There are a number of papers, which seem to follow from Xiao, Dunford and Capel, on modelling the $I, V$ (current versus voltage) curve of a PV cell. A typical model has
\begin{equation} I = I_{\text{ph}} - I_0 \left[ \exp \left( \frac{V + I \times R_s}{a} - 1 \right) - 1 \right] - \frac{V + I \times R_s}{R_p}. \end{equation}The parameters $I_{\text{ph}}, I_0, a, R_s, R_p$ all need to be determined. To do this we'll need five pairs of $I, V$ values, determined by experiment.
Even given those values the equation still can't be solved algebraically: it's nonlinear. Finding values that solve this equation is the realm of nonlinear root finding, and is crucial for a range of numerical methods.

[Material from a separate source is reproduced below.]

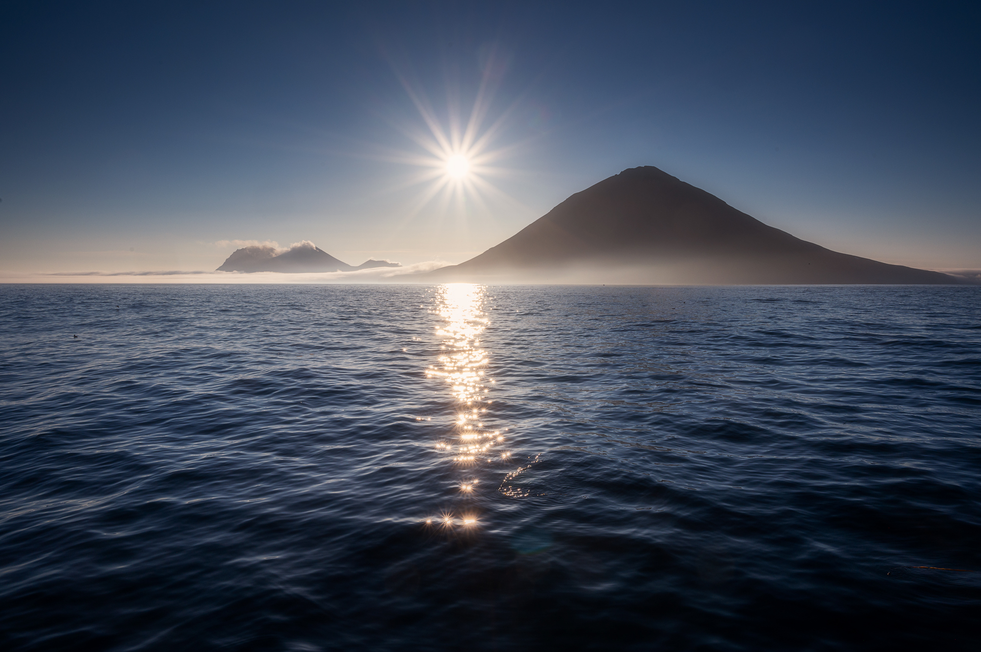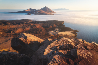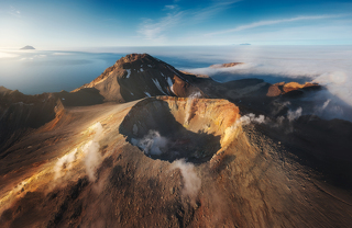 Если погода будет благополучной, то мы поднимемся к кромке кратера вулкана Черного, чтобы заглянуть в сам кратер и с верхней точки осмотреть окрестности - острова Брат Чирпоев и Броутона и огромный океан вокруг. После заката спускаемся к лодке, ужинаем и начинаем ночной переход к острову Симушир.

Let's assume we know the values of three of the parameters,
\begin{equation} I_{\text{ph}} = 3.5, \quad I_0 = 3.2, \quad a = 20, \quad R_p = 300. \end{equation}We'll also assume that a voltage $V = 10$ gives a current $I = 3$. So we have to solve the equation
\begin{align} f(R_s) &= I_{\text{ph}} - I_0 \left[ \exp \left( \frac{V + I \times R_s}{a} - 1 \right) - 1 \right] - \frac{V + I \times R_s}{R_p} - I \\ &= 3.5 - 3.2 \left[ \exp \left( \frac{10 + 3 R_s}{20} - 1 \right) - 1 \right] - \frac{10 + 3 R_s}{300} - 3\\ &= 0. \end{align}Where this equation is satisfied we have the value of $R_s$.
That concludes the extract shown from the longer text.